The footsteps that passed were quiet, stealthy, but seemed like gunshots in the midnight silence. I tried to keep from shivering. I jumped, life shooting back into me, when cold hands wrapped around my wrists and pulled. My voice caught in my throat but my heart raced frantically, beating as if trying to escape itself. Even my lungs felt paralyzed, but the rest of me fought, struggling and kicking, scratching at my captor. The stone scraped across my skin, drawing blood. Finally, a sound left my throat but it was only a hoarse whisper, drowned out by the laughter above me. I tried again but a hand clamped over my mouth, cutting me off. A face swam into focus, eerily familiar but yet terrifyingly foreign. A mouth opened to speak but before it could the dream melted like frost in the sun.

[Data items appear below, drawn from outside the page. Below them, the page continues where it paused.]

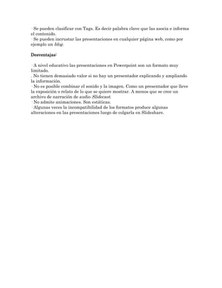 Slideshare es un sitio web gratuito donde los usuarios pueden publicar presentaciones en formato flash para compartirlas en línea. Las presentaciones se pueden ver desde cualquier computadora a través de un enlace sin necesidad de adjuntar archivos pesados. Esto permite compartir fácilmente presentaciones con otros y enviarlas a estudiantes. Algunas ventajas educativas incluyen dar conferencias sin cargar la presentación, recibir comentarios, y clasificar presentaciones con etiquetas. Las desventajas son que el formato PowerPoint es limitado sin un presentador, y las
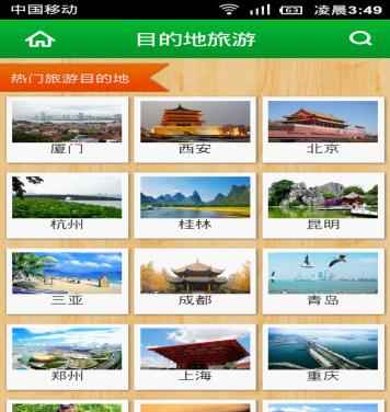 除了周边游、国内游、出境游以外,小编发现“目的地旅游”也是该客户端的一大亮点。在这里欣欣旅游网把线上受游客喜爱的“热门旅游目的地”页面“移植”到了手机上来,让出行者可以根据目的地城市来进行旅游搜索,给游客查询及预定线路都带来了极大的便利。
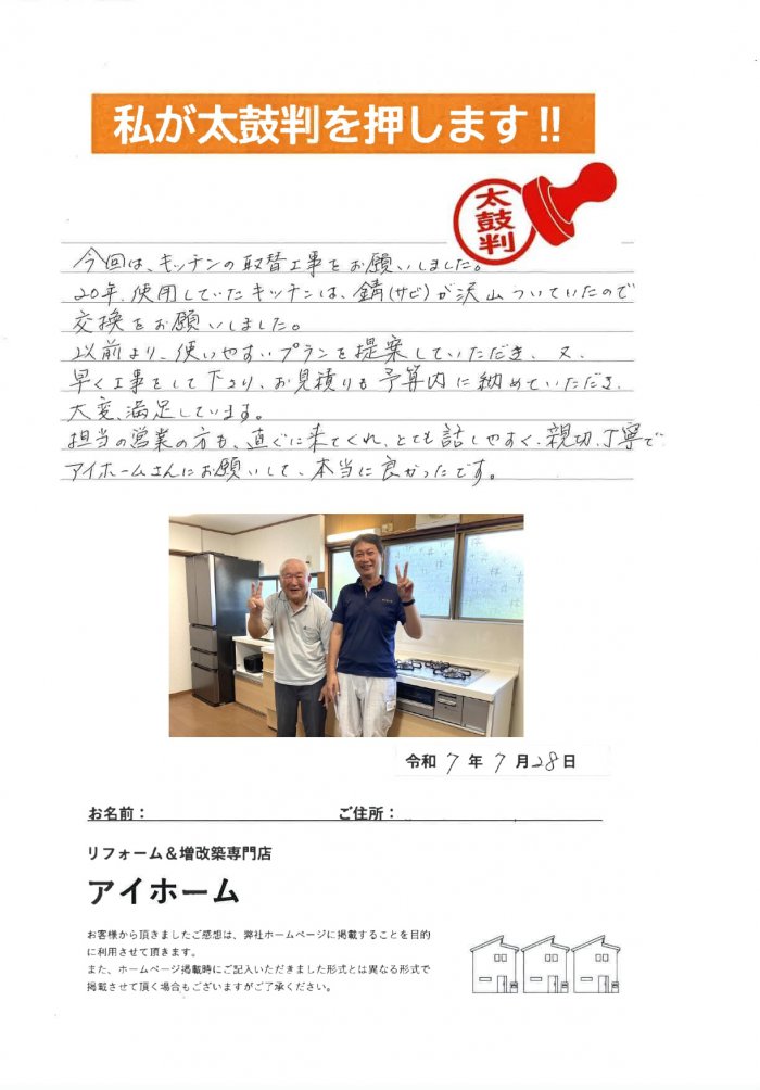 早く工事をして下さりお見積りも予算内に収めていただき、大変満足しています。

I woke with a gasp, choking on a scream. The sun was just breaking over the horizon enough to lighten the sky, sending pale streaks travelling across the dark, and I almost laid back down to get some more sleep, until I realized that the sky was stretching freely above me. I was lying on stone, just like in my dream, only in the light of dawn and alone rather than in the dead of night and being dragged to somewhere unknown. I scrambled to my feet, spinning in circles, hair flying around me. I was in a little alley, shielded between two buildings. A dumpster on one side was overflowing with torn trash bags filled with rotten garbage, bugs swarming around it with a dull, unending buzz. Opposite it was a metal door leading to the building across the street. I took a breath and pushed on it, bracing myself for whatever horrible things might be on the other side, but it was locked.

My stomach sank to the ground and I had to force myself to take slow, deep breaths to calm down. I held out my arms to check for injuries, remembering the feel of stone scraping against them in the dream, but they were unmarked, though dirty. I flipped up my shirt and found not a single bruise. There was no sign that any of it had happened—and it was a dream. It was insane to even consider it. But it had felt so real.

The cold hit me, goosebumps racing up and down my skin. I was too exposed to be standing around outside. I needed to find somewhere safe.

Safe—why that word, of all that could pop into my head? Was I in danger here?

Where was safe? Where was here?

My head spun and I raked my fingers through my hair, shaking. I turned around again, searching the alley for something, anything. I couldn't have appeared out of nowhere. "Oh, god, oh, god," I whispered, trying to keep the nearly-hysterical chant from rising in volume as I searched the alley. The only thing that wasn't black with dirt and dust was a white tube propped against the dumpster, a rolled paper adorned with a simple hand-written note. I ripped it off and unfolded it with unsteady fingers, murmuring the words to myself as I read.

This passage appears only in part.